WE'RE ALWAYS FORGETTING OURS WHEN WE CHECK OUT

A staff member recently cleaning out a room at the Marriott Residence Inn on Plantation Street found a big surprise in a drawer: a 5-foot juvenile reticulated python.

(Thanks to Jon Harris)

SUAVE

Man 'moons' woman after she doesn't want to fight him

Incredibly, this did not happen in Florida.

(Thanks to Unholy Slacker)

GOD HELP THE CELLMATE

Meet the 2m ice-addicted python who had to dry out in a prison rehab program

(Thanks to Roberto, Patty Villanova and Le Petomane)

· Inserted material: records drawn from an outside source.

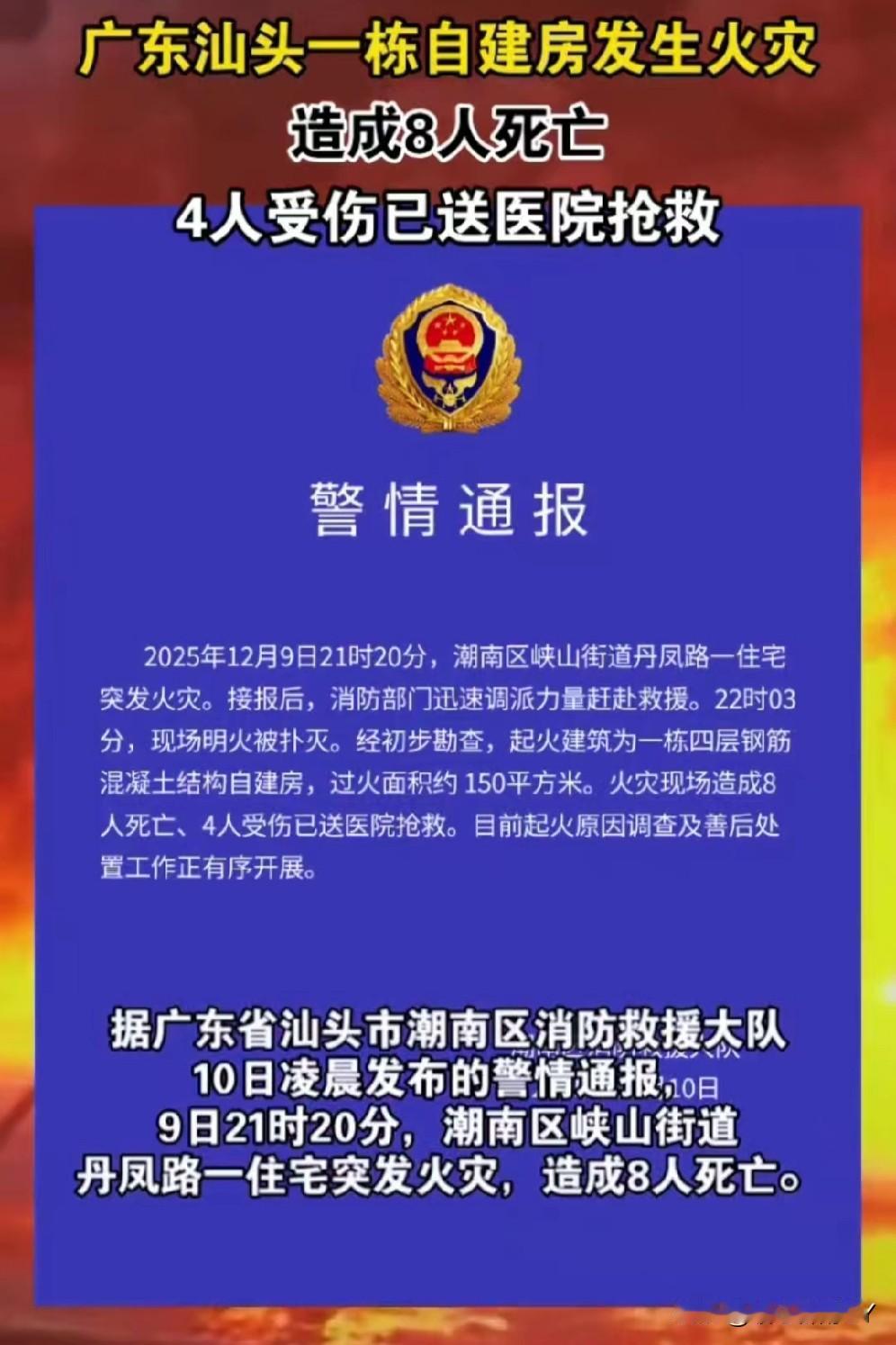 汕头自建房火灾让人痛心又沉重!12月9日21时,当地一栋四层钢筋混凝土自建房突然起火。 深夜时分,屋内人员大多已休息,火势迅速蔓延,救援人员紧急展开处置,明火于22时被扑灭。 这场火灾,8人不幸遇难、4人受伤。伤者已被送往医院抢救,事故原因有待官方彻查。 深夜突发的火情,更让人猝不及防,既揪心又后怕。水火无情,自建房消防安全隐患不能忽视。 在此提醒大家,时刻警惕火灾风险、做好日常防护。愿悲剧不再发生,逝者安息,伤者早日康复。 医生信息来源:广东省汕头市潮阳区消防救援大队、新华社、新华网、央广网等权威媒体也进行了报道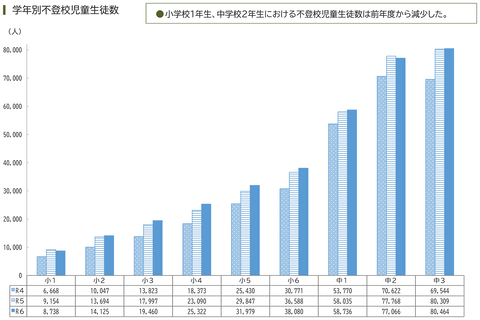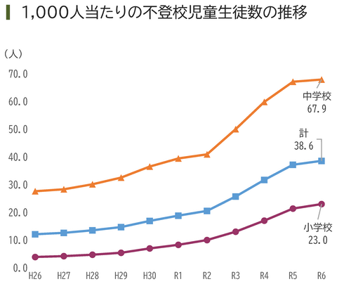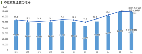なお、高等学校における不登校生徒数は67,782人(前年度68,770人)で、児童生徒1,000人当たりの不登校生徒数は23.3人(前年度23.5人)となり、いずれも前年度から減少した。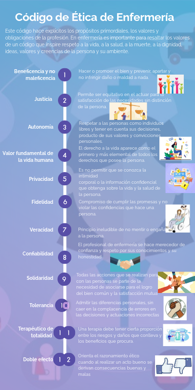 Este código hace explícitos los propósitos primordiales, los valores y obligaciones de la profesión. En enfermería es importante para resaltar los valores de un código que inspire respeto a la vida, a la salud, a la muerte, a la dignidad, ideas, valores y creencias de la persona y su ambiente.

AN UPGRADE FROM THE DEAD BAT

Woman Finds Live Scorpion in Bag of Spinach

(Thanks to Neville Kane)

WE SAW HUGE FOAMING EVENT OPEN FOR THE CLASH

Some 7,200 gallons of concentrated Mountain Dew syrup created a "huge foaming event" and generated environmental concerns after it went down the drain, literally, at the Pepsi bottling plant on Mason Road in Howell last month.

(Thanks to Al Barkafski)

ON HIS WAY TO FLORIDA, WE ASSUME

Connecticut police say a man wearing a T-shirt that said "Hold My Beer And Watch This" has been arrested for driving under the influence after he crashed into a graveyard.

(Thanks to Le Petomane, Al Barkafski and Jeff Meyerson)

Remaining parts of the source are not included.